#### Problem statement:
In the copy, include every entry exactly but none of the pictures.
(Material for this exercise Opens)
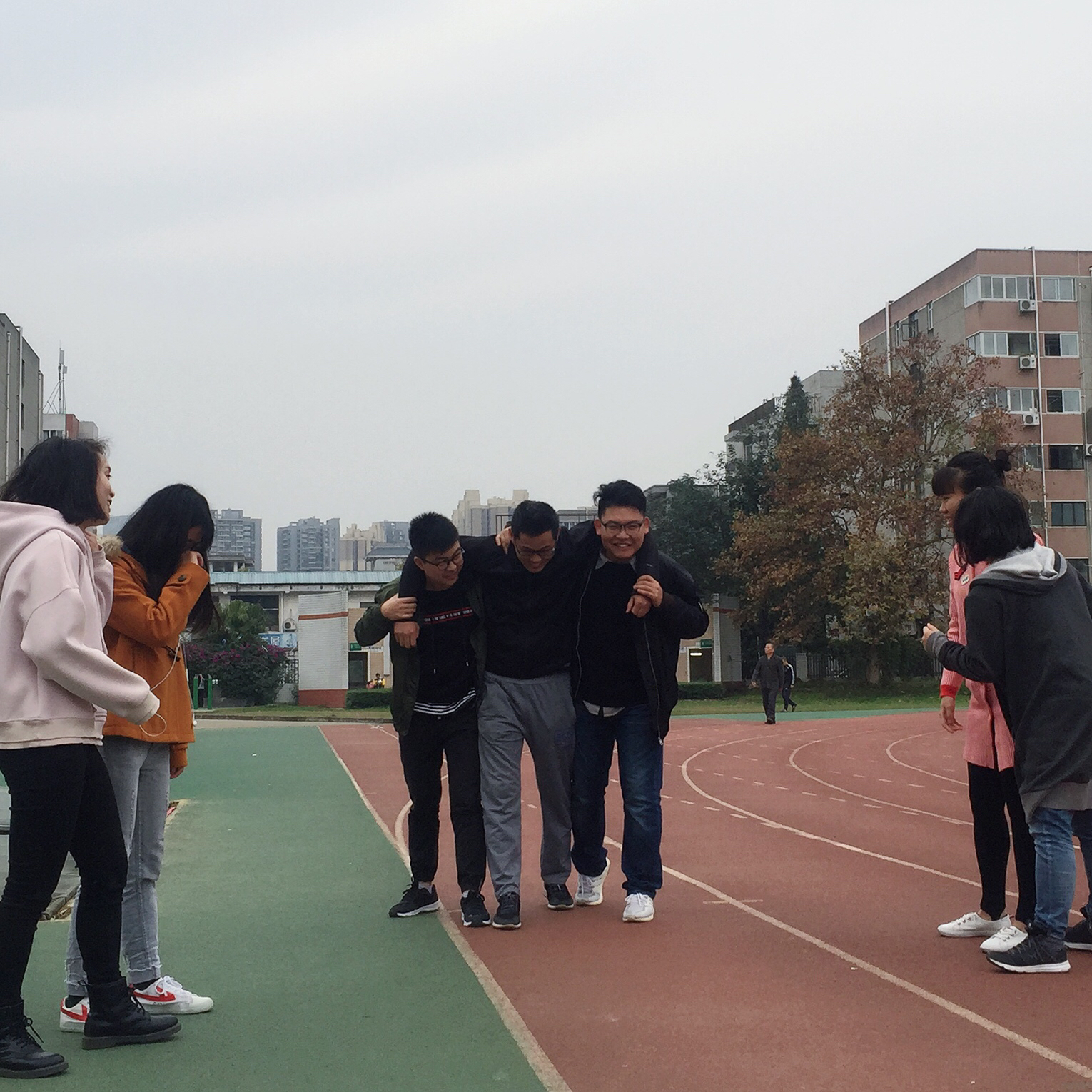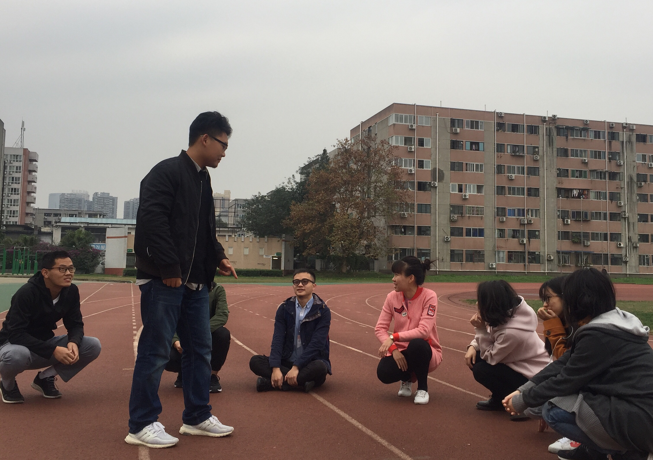 上午9点研分会成员在川大体育馆操场处集合,人员集齐后,一行人便迫不及待地开展了一系列的趣味运动,如三人四足跑,螃蟹赛跑,抱双球接力赛,仙人指路,丢手绢,单腿斗鸡等等。其中最有趣的莫过于三人四足跑了,参赛队员以三人一组参赛,赛道长50米,三个人并排站在一起,把中间人的右脚和他右边人的左脚绑在一起,中间人的左脚和他左边人的右脚绑在一起,整个过程考验的是3个人之间的默契,中间人的作用最为突出,掌控着三人的整体速度,有的组因为默契太差,几乎连续摔倒了好几次,整个过程中都洋溢着观众欢快的笑声以及某些组的惨叫声。
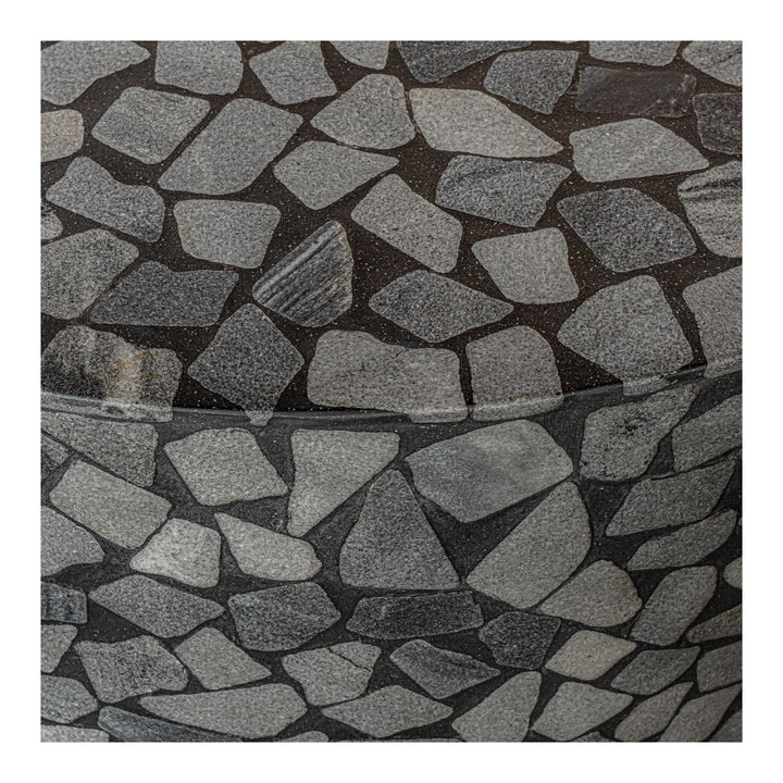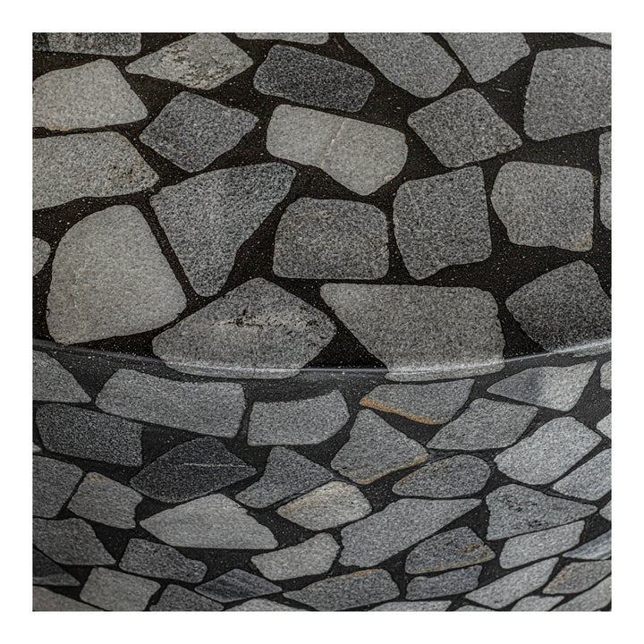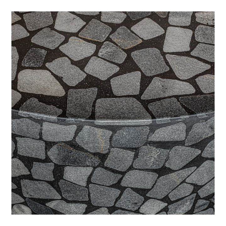 Oberyn Outdoor Coffee Table, Hand-Placed Marble, Concrete Plinth Design, Black
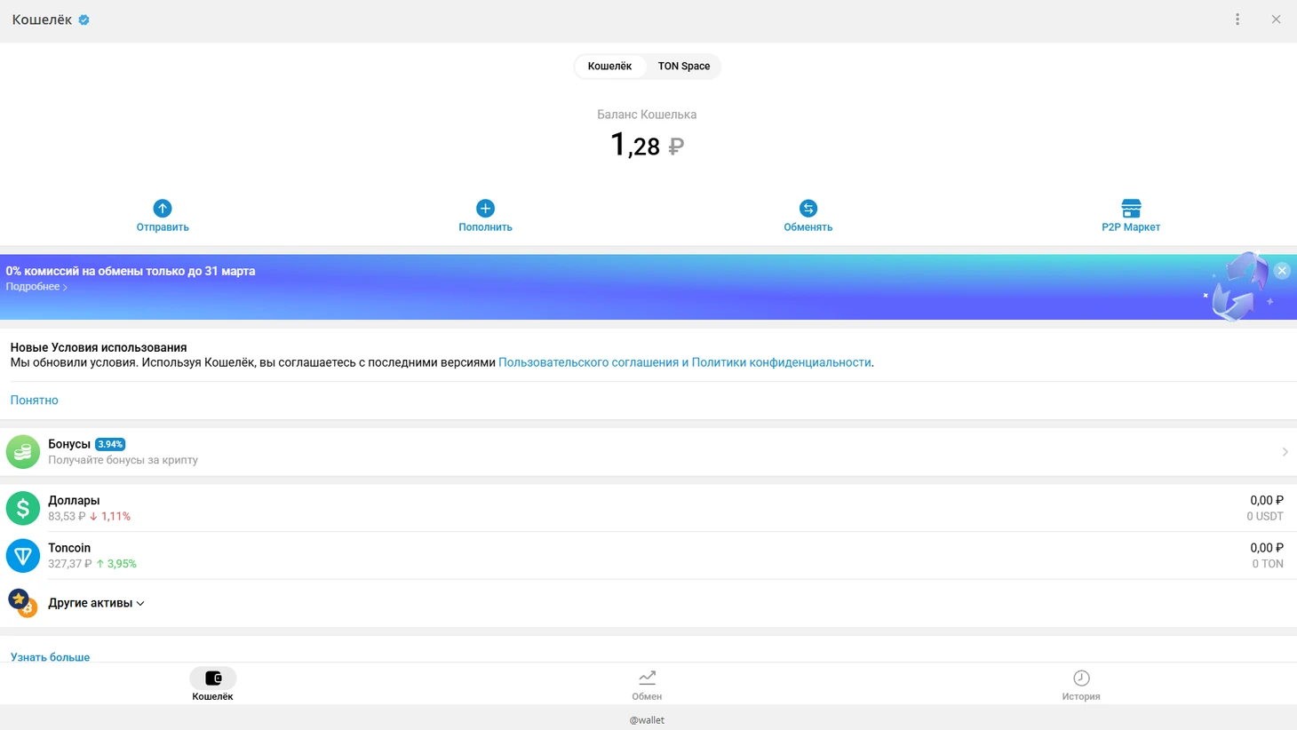 Официальный бот от разработчиков телеграма для работы с криптовалютами в экосистеме TON.
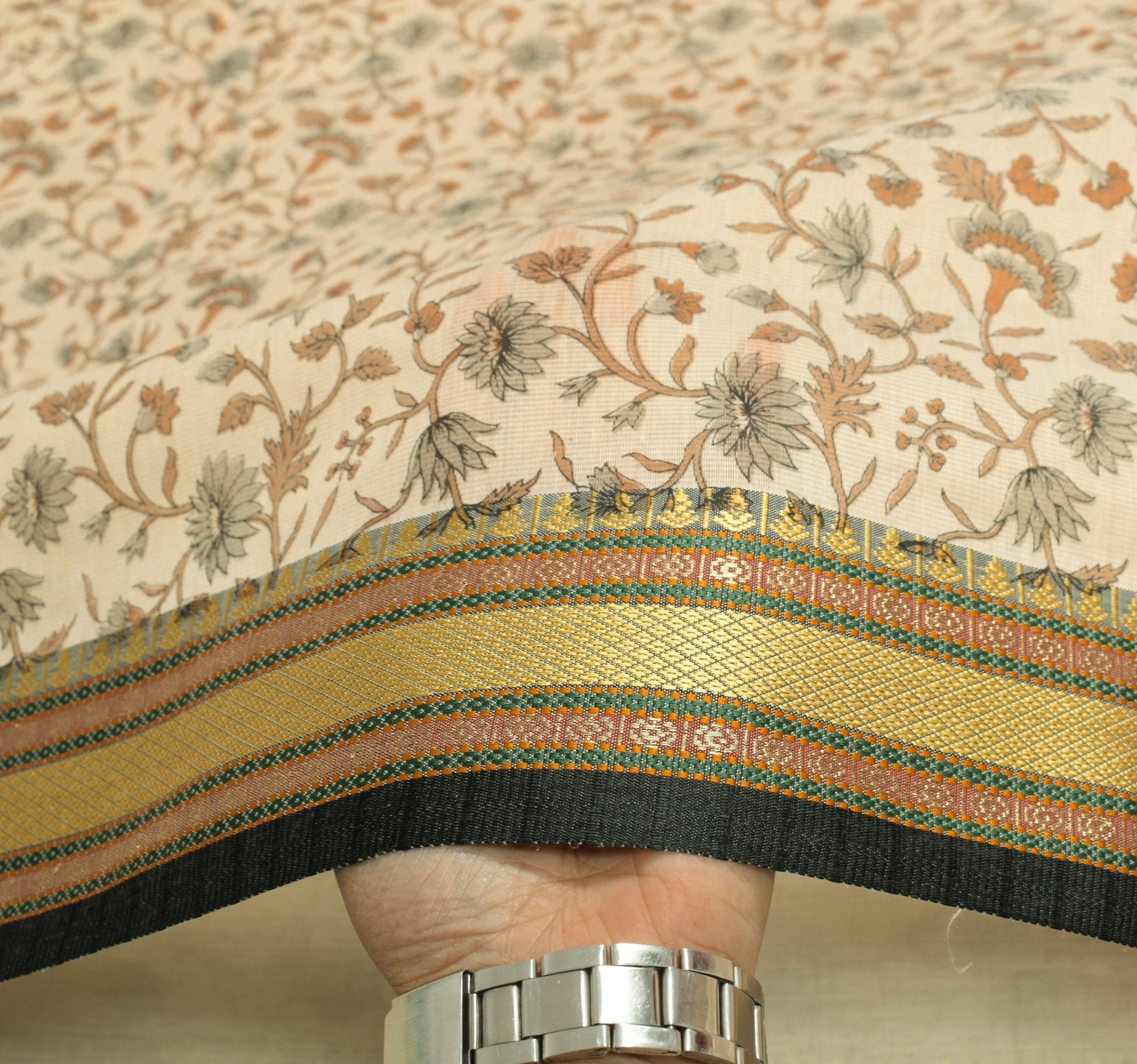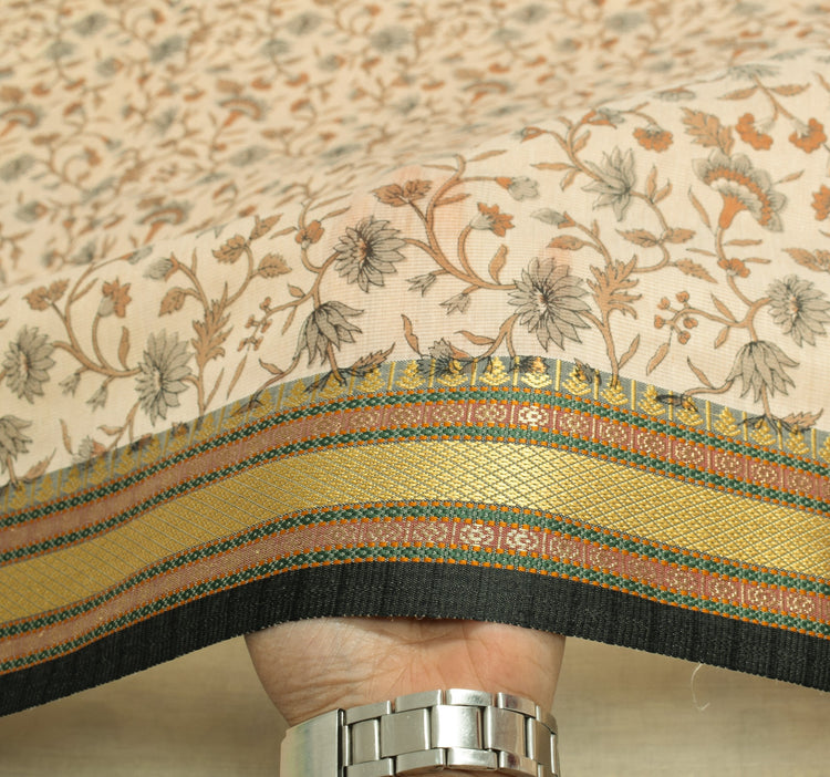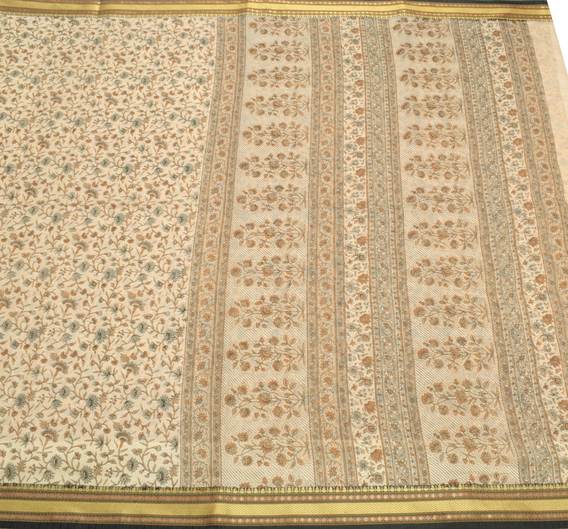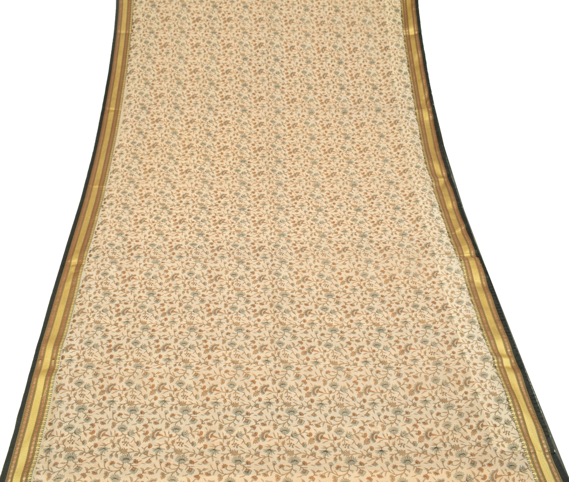 Sushila Vintage Cream Floral Saree Woven Border Art Cotton Printed Craft Fabric
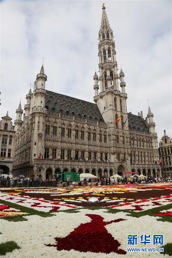 8月16日,由50多萬朵秋海棠鋪就的鮮花地毯亮相比利時布魯塞爾大廣場。 新華社記者王曉郡攝
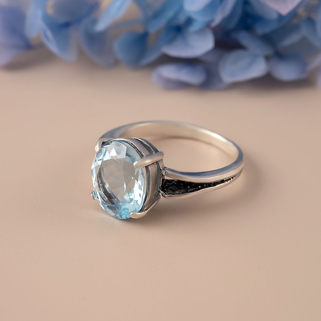Топаз - один из самых популярных драгоценных камней в ювелирном искусстве. По твердости он уступает только алмазу и корунду. Прозрачность и бриллиантовый блеск граней делают его удивительно привлекательным для коллекционеров. Название камень получил в честь острова Топазос в Красном море. Люди знали этот камень еще в древние времена. Так, Библия гласит, что топаз составлял часть украшения первосвященника Аарона. Королевские дворы Европы также выбирали этот камень для ювелирных коллекций. Известен, например, камень “Браганза“, входящий в число регалий португальской короны. Цветовая гамма этого драгоценного камня разнообразна: существуют розовые, желтые, голубые, фиолетовые, винные топазы. Голубые топазы принято разделять на три категории в зависимости от интенсивности окраски (обычно достигаемой за счет облучения): Sky Blue - небесно-голубые, Swiss Blue - швейцарские, с более насыщенным цветом, и London Blue - лондонские, с наиболее глубоким оттенком синевы.
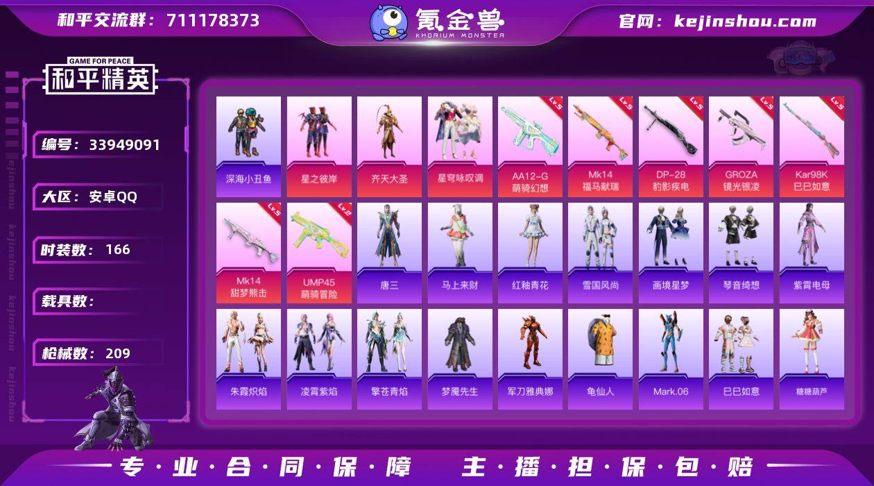【kyhp1630】安卓 手Q-3粉装-7特效枪-0载具-1粉色飞行器-56916热力值-15王牌印记-166套装-209枪皮 【热门品类】:套装-深海小丑鱼,角色-军刀雅典娜,套装-龟仙人,角色-Mark.06 【粉色套装】:粉装-星之彼岸,粉装-齐天大圣,粉装-星穹咏叹调 【粉色枪皮等级】:GROZA-镜光银凌(五级),UMP45-萌骑冒险(二级),Kar98K-巳巳如意(五级),Mk14-甜梦熊击(五级),Mk14-福马献瑞(五级),AA12-G-萌骑幻想(五级),DP-28-豹影疾电(五级) 【粉色枪皮】:GROZA-镜光银凌,UMP45-萌骑冒险,Kar98K-巳巳如意,Mk14-甜梦熊击,Mk14-福马献瑞,AA12-G-萌骑幻想,DP-28-豹影疾电 【粉色飞行器】:炫彩糖果飞行器 【粉色降落伞】:冠军兔兔降落伞,未来领航者降落伞,幻影飞狐降落伞,星穹咏叹调降落伞,幻彩电音降落伞,异瞳寒姬降落伞,天象三御降落伞,炫彩糖果降落伞 【稀有套装】:套装-龟仙人,套装-巳巳如意,套装-雪国风尚,套装-炫彩糖果,套装-马上来财,套装-糖糖葫芦,套装-青团波波,角色-临安公主,角色-怀庆长公主,套装-燕燕于飞,套装-鱼渊荷华,角色-风玲,套装-紫幽梦,套装-蓝冰羽,套装-星影赞美诗,套装-极速光影,套装-云朵鹅,套装-雪绒豹,套装-朱霞炽焰,套装-凌霄紫...
(Material for this exercise Closes)
#### Expected answer:
 上午9点研分会成员在川大体育馆操场处集合,人员集齐后,一行人便迫不及待地开展了一系列的趣味运动,如三人四足跑,螃蟹赛跑,抱双球接力赛,仙人指路,丢手绢,单腿斗鸡等等。其中最有趣的莫过于三人四足跑了,参赛队员以三人一组参赛,赛道长50米,三个人并排站在一起,把中间人的右脚和他右边人的左脚绑在一起,中间人的左脚和他左边人的右脚绑在一起,整个过程考验的是3个人之间的默契,中间人的作用最为突出,掌控着三人的整体速度,有的组因为默契太差,几乎连续摔倒了好几次,整个过程中都洋溢着观众欢快的笑声以及某些组的惨叫声。
 Oberyn Outdoor Coffee Table, Hand-Placed Marble, Concrete Plinth Design, Black
 Официальный бот от разработчиков телеграма для работы с криптовалютами в экосистеме TON.
 Sushila Vintage Cream Floral Saree Woven Border Art Cotton Printed Craft Fabric
 8月16日,由50多萬朵秋海棠鋪就的鮮花地毯亮相比利時布魯塞爾大廣場。 新華社記者王曉郡攝
Топаз - один из самых популярных драгоценных камней в ювелирном искусстве. По твердости он уступает только алмазу и корунду. Прозрачность и бриллиантовый блеск граней делают его удивительно привлекательным для коллекционеров. Название камень получил в честь острова Топазос в Красном море. Люди знали этот камень еще в древние времена. Так, Библия гласит, что топаз составлял часть украшения первосвященника Аарона. Королевские дворы Европы также выбирали этот камень для ювелирных коллекций. Известен, например, камень “Браганза“, входящий в число регалий португальской короны. Цветовая гамма этого драгоценного камня разнообразна: существуют розовые, желтые, голубые, фиолетовые, винные топазы. Голубые топазы принято разделять на три категории в зависимости от интенсивности окраски (обычно достигаемой за счет облучения): Sky Blue - небесно-голубые, Swiss Blue - швейцарские, с более насыщенным цветом, и London Blue - лондонские, с наиболее глубоким оттенком синевы.
【kyhp1630】安卓 手Q-3粉装-7特效枪-0载具-1粉色飞行器-56916热力值-15王牌印记-166套装-209枪皮 【热门品类】:套装-深海小丑鱼,角色-军刀雅典娜,套装-龟仙人,角色-Mark.06 【粉色套装】:粉装-星之彼岸,粉装-齐天大圣,粉装-星穹咏叹调 【粉色枪皮等级】:GROZA-镜光银凌(五级),UMP45-萌骑冒险(二级),Kar98K-巳巳如意(五级),Mk14-甜梦熊击(五级),Mk14-福马献瑞(五级),AA12-G-萌骑幻想(五级),DP-28-豹影疾电(五级) 【粉色枪皮】:GROZA-镜光银凌,UMP45-萌骑冒险,Kar98K-巳巳如意,Mk14-甜梦熊击,Mk14-福马献瑞,AA12-G-萌骑幻想,DP-28-豹影疾电 【粉色飞行器】:炫彩糖果飞行器 【粉色降落伞】:冠军兔兔降落伞,未来领航者降落伞,幻影飞狐降落伞,星穹咏叹调降落伞,幻彩电音降落伞,异瞳寒姬降落伞,天象三御降落伞,炫彩糖果降落伞 【稀有套装】:套装-龟仙人,套装-巳巳如意,套装-雪国风尚,套装-炫彩糖果,套装-马上来财,套装-糖糖葫芦,套装-青团波波,角色-临安公主,角色-怀庆长公主,套装-燕燕于飞,套装-鱼渊荷华,角色-风玲,套装-紫幽梦,套装-蓝冰羽,套装-星影赞美诗,套装-极速光影,套装-云朵鹅,套装-雪绒豹,套装-朱霞炽焰,套装-凌霄紫...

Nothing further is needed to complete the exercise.